Read commands with a range-bound key:

select lock[1718380800000000...] from 1
get status[...1718380800000000] from 1
find lock[1718380800000000...1718384400000000] = "claimed"

Endpoint value forms (each endpoint independently, as in the single form):

score["2024-01-01"..."2024-02-01"] >= 90
name["last week"...] = "Jeff"
status[..."yesterday"] = "active"

Canonical round-trip (what toString() re-emits, all-micros):

input:  status["2024-01-01"...]
output: status[1704067200000000...]

Implementation pointers

This is a planning ticket; the following is the recommended approach. The
existing single-timestamp binding lives in two parallel parse paths that
must change in lockstep
, exactly as the single form does.

1. Token: add an explicit ... separator. Add a RANGE_SEPARATOR
token for the literal ... rather than leaning on the NON_ALPHANUMERIC
catch-all (grammar.jjt:316). Hazard: . is shared across the
NON_ALPHANUMERIC catch-all, SIGNED_DECIMAL (grammar.jjt:302), and the
dotted key tokens, so an unquoted run such as 123...456 is lexically
ambiguous and must be disambiguated deliberately rather than left to the
default token competition. (Note that 123...456 does not itself match
SIGNED_DECIMAL, which requires exactly one period with digits on both
sides; the risk is mis-tokenization across the shared . rules, not a
single-token collision.) Guard the new production with LOOKAHEAD, and to
sidestep the lexer hazard entirely for a first cut I recommend requiring
numeric-micros or quoted endpoints around ... (the single form's tests
already exercise both numeric and quoted endpoints). Note that the
lexer-path #KEY_BRACKET fragment (grammar.jjt:310) already admits any
character except ], [, \n, \r inside brackets, so ... is already
lexically legal inside a lexer-captured bracket; the work there is in the
content parser, not the token.

2. Parser path (flat / leaf and scope-prefix keys). Key()
(grammar.jjt:543-573) calls BracketedTimestamp() (grammar.jjt:771-780),
which returns a single TimestampSymbol. Extend the bracket production (or
add a sibling, e.g. BracketedTimestampRange(), selected by LOOKAHEAD on
the presence of ...) to return either a single timestamp or a start/end
pair. In Key(), when the bracket yields a range and result is not a
NavigationKeySymbol, construct the new TemporalRangeKeySymbol instead of
TemporalKeySymbol (grammar.jjt:572). The SearchKey() path
(grammar.jjt:529-541) reaches flat search keys via the lexer-captured
bracket and does not call BracketedTimestamp(), so it is covered by the
lexer-path work below.

3. Lexer path (bracket content captured inside key tokens). For keys
captured as PERIOD_SEPARATED_STRING / NAVIGATION_SCOPE_OPEN /
ASTERISK_SUFFIXED_STRING, the bracket content is parsed by
NavigationKeyStop.parseBracketContent
(src/main/java/com/cinchapi/ccl/grammar/NavigationKeyStop.java:208-230),
which today returns one TimestampSymbol and splits on whitespace. Teach
it to detect the ... separator, split into endpoints, parse each via
NaturalLanguage.parseMicros, and carry the result.
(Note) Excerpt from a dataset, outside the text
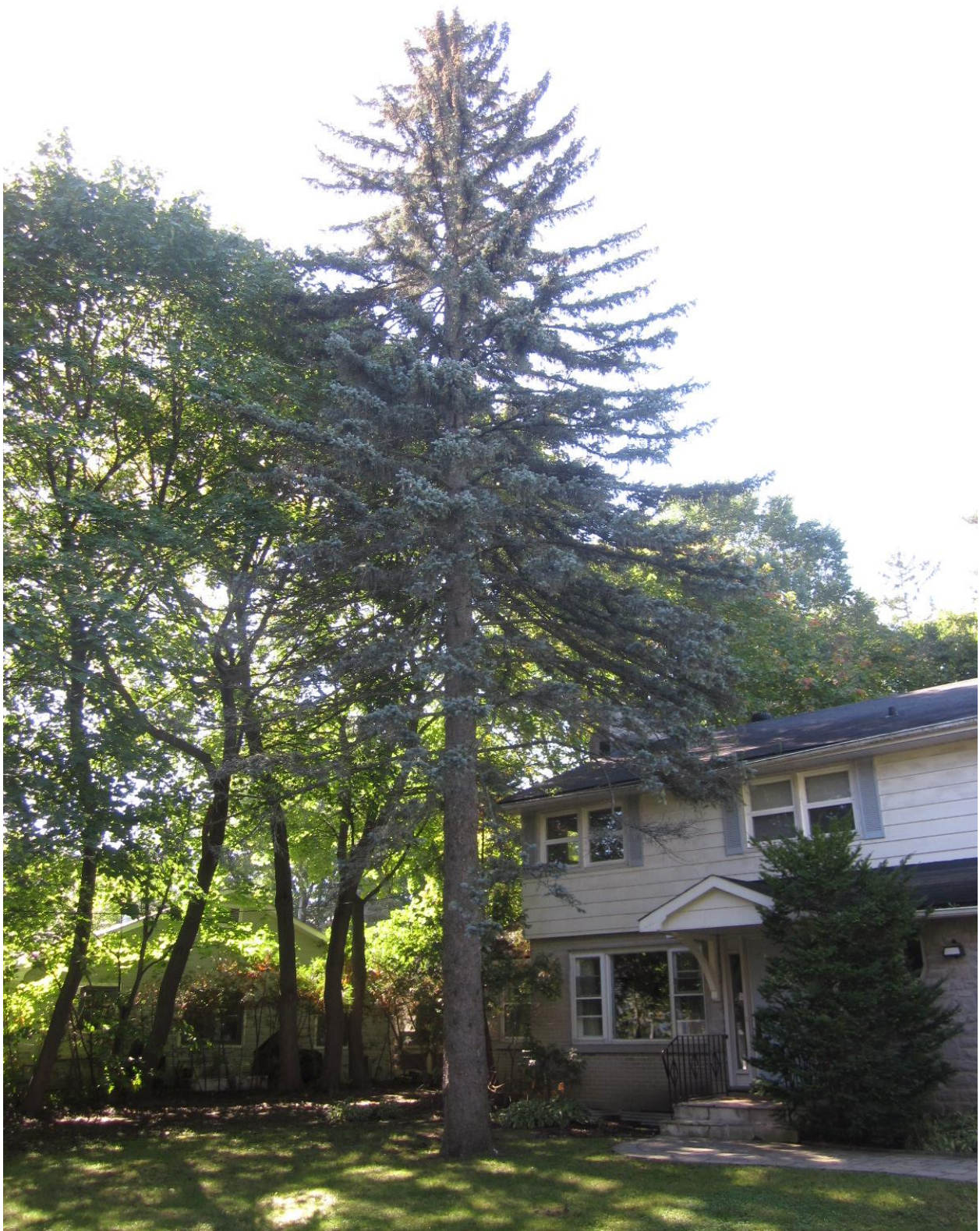
Picture 4. Tree #35, private Colorado spruce (foreground) and trees #23-28 (background right to left) at 14 Crescent Road, Rockcliffe

4. AST node and per-stop carrier. Add TemporalRangeKeySymbol modeled
on TemporalKeySymbol (file cited above), including equals/hashCode
over the wrapped key plus both endpoints, and the parameter-aware hooks
(isParameterized, stripParameters, baseKey) defined on
KeyTokenSymbol
(src/main/java/com/cinchapi/ccl/grammar/KeyTokenSymbol.java:106-132).

5. Scope. I recommend implementing leaf keys first. The per-stop
navigation carrier (NavigationKeyStop, which currently holds a single
@Nullable TimestampSymbol at NavigationKeyStop.java:265-266, with
withTimestamp at line 323 and segment() at line 364) and the
scope-prefix forms multiply the work across NavigationKeyStop and
NavigationKeySymbol, so range support on navigation stops and scope
prefixes is a sensible follow-up rather than part of the first cut.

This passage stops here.